Темно-коричневый шмель рассерженно гудел в траве, которой по-луговому зарос двор изваловской усадьбы. Лакомясь нектаром на бутончиках клевера, шмель запутался в травяных джунглях и упрямо рвался, распуская крылья, в безнадежных попытках вернуть себе свободу.

Костя распутал зелено-желтый, с явственным сенным духом травяной войлок, дал шмелю волю, и он, смазав Костю по лицу ветром своих невидимо вибрирующих крыльев, с громким тугим гудением полетел над двором, над садом, ало-розовым и шафранно-восковым от изобилия плодов, почти полностью вытеснивших листву.

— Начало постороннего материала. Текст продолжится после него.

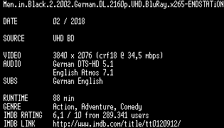 | FiLENAME: | Men.in.Black.2.2002.German.DL.2160p.UHD.BluRay.x265-ENDSTATiON.mkv |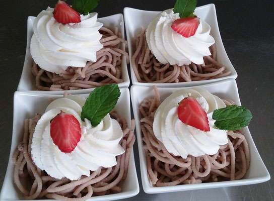 Apfelküchlein mit Vanillesauce, Vermicelle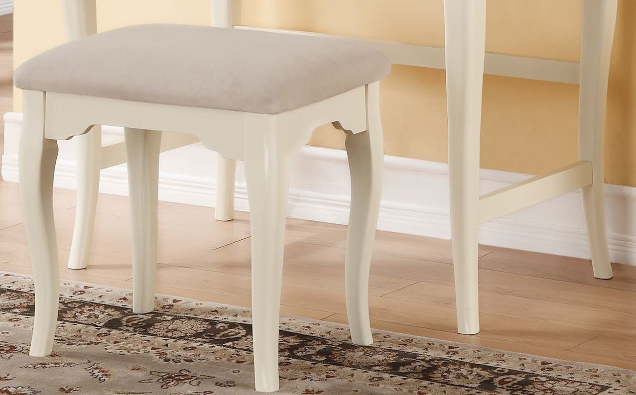 A Mirror Vanity Paired With An Acrylic Chair With A Fabric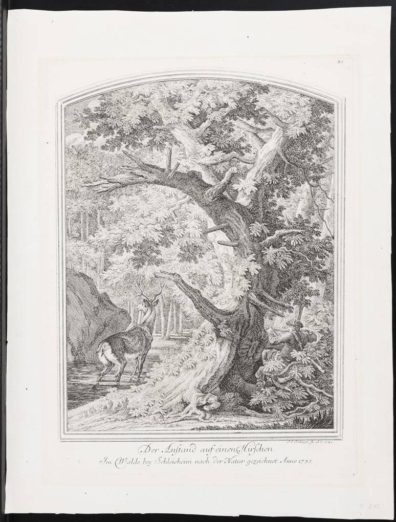 "Der Anstand auf einen Hirschen. Im Walde bey Schleisheim nach der Natur gezeichnet. Anno 1735", Platte: 33,5 x 24,5 cm, Blatt: 40,5 x 31,5 cm, nummeriert: 282 | "Selbst-Geschos auf ein Schwein in der Suhle", Platte: 24,5 x 36,5 cm, Blatt: 32 x 43,5 cm. Je mit leichtem Lichtschaden.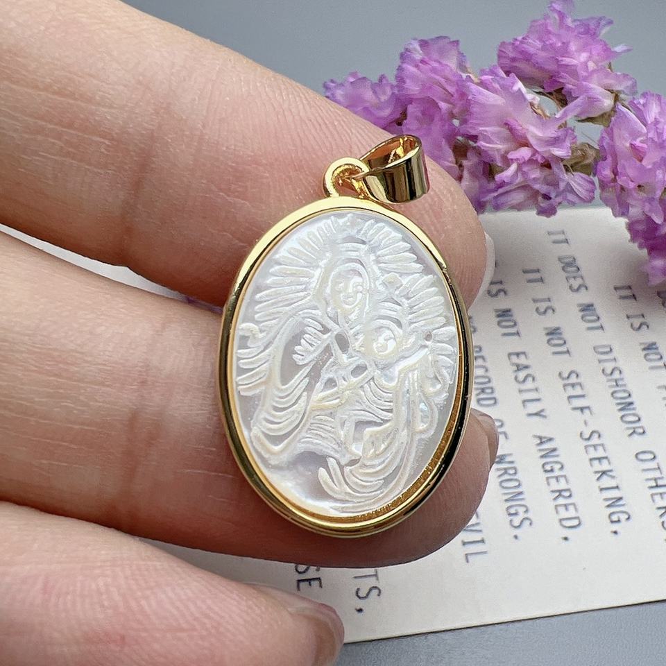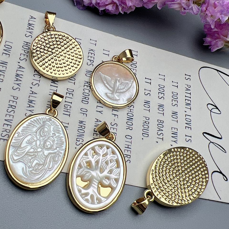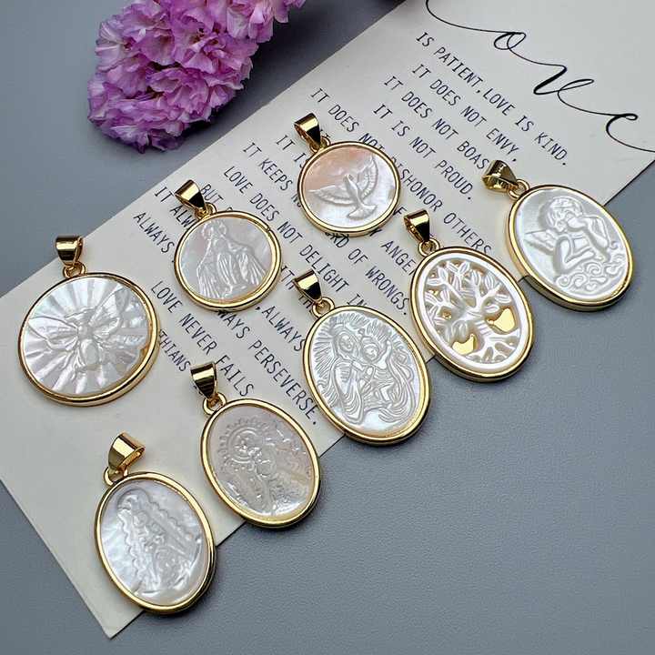 Wholesale Custom Natural Mother of Pearl Shell Peace Dove Virgin Mary Guadalupe Angel Pendants Charms Jewelry Making

Проследив за шмелем, Костя невольно остановился глазами на садовых деревьях с ветками, подпертыми жердями – а то б им было невмочь держать свой превеликий груз. Скольких же трудов стоил Извалову этот его сад! Мало кто в округе мог похвастать такими сортами, таким образцовым порядком, такой ухоженностью. В это лето сад вступил в самую свою силу, в самую пору зрелости и уродил как никогда прежде. И заморозки его не тронули, и плодожорка обошла стороной – деревья стояли во всей своей стати и красе Они точно сговорились отплатить сторицей за сделанное для них добро, и приходилось лишь удивляться рожденному ими богатству груш, яблок и слив. Удивляться и сожалеть, что творец всей этой красы и великолепия уже никогда не увидит, во что воплотился его многолетний, упорный труд…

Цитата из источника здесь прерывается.